Густав Поллен медленно и красиво, так, как умеют только воспитанные знатные господа, уронил челюсть, явно не ожидая от мальчишки такого приторно любезного обращения, опасно граничащего с утонченным хамством. На холодном лице Джулиана не дрогнул ни один мускул, и только волшебные глаза запечатлели выражение такого нечеловеческого гнева и истинно звериной ярости, что Квентина невольно бросило в дрожь: уж не перегнул ли он, в самом деле, палку? Тем не менее, когда Винтер разлепил губы для достойного ответа, голос его был ровен и спокоен. Пожалуй, даже слишком ровен и спокоен, чтобы это казалось естественным.
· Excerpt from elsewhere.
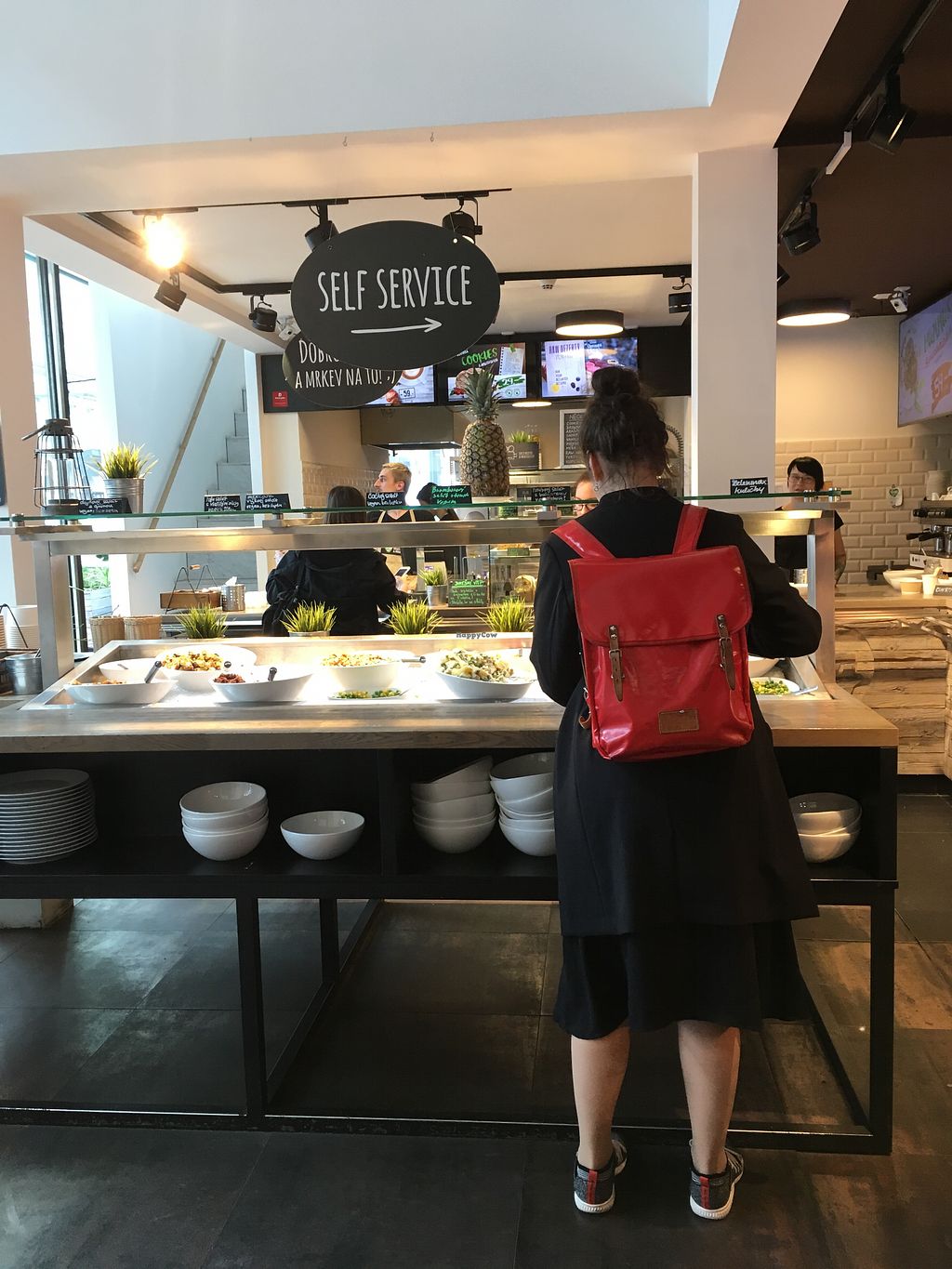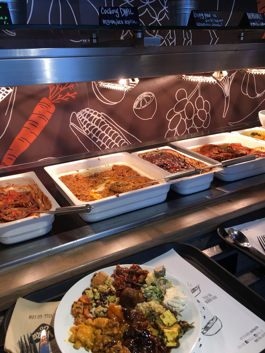 Vegetarian and vegan buffet. More than 90% of the dishes are vegan from what I saw the day I went there. Not the best buffet I had in Prague but everything was really good. Especially the dishes with beans and chickpeas. Very friendly staff ! Lore expensive than other buffets in town.

– Представить себе не могу, как же наше высокоутонченное общество сможет обойтись без присутствия покорности и исполнительности в твоем рабском лице! Если бы ты только знал, на что обрекаешь нас, если бы мог соизмерить свою жестокость!.. Ты предаешь в объятия одиночества и вселенской скорби не одно, а целых два сердца достойных господ! Мы уже почти продали тебе наши полные привязанности и верности души, а ты так цинично позволяешь себе играть с ними! Но чтобы доказать тебе, что все оброненные здесь слова о великодушии и благородстве не пустые звуки, мое сердце, несмотря на все нанесенные тобой раны, готово идти навстречу твоей мимолетной прихоти, как будто она выражает в себе волю самого Бога… Иди ты к черту!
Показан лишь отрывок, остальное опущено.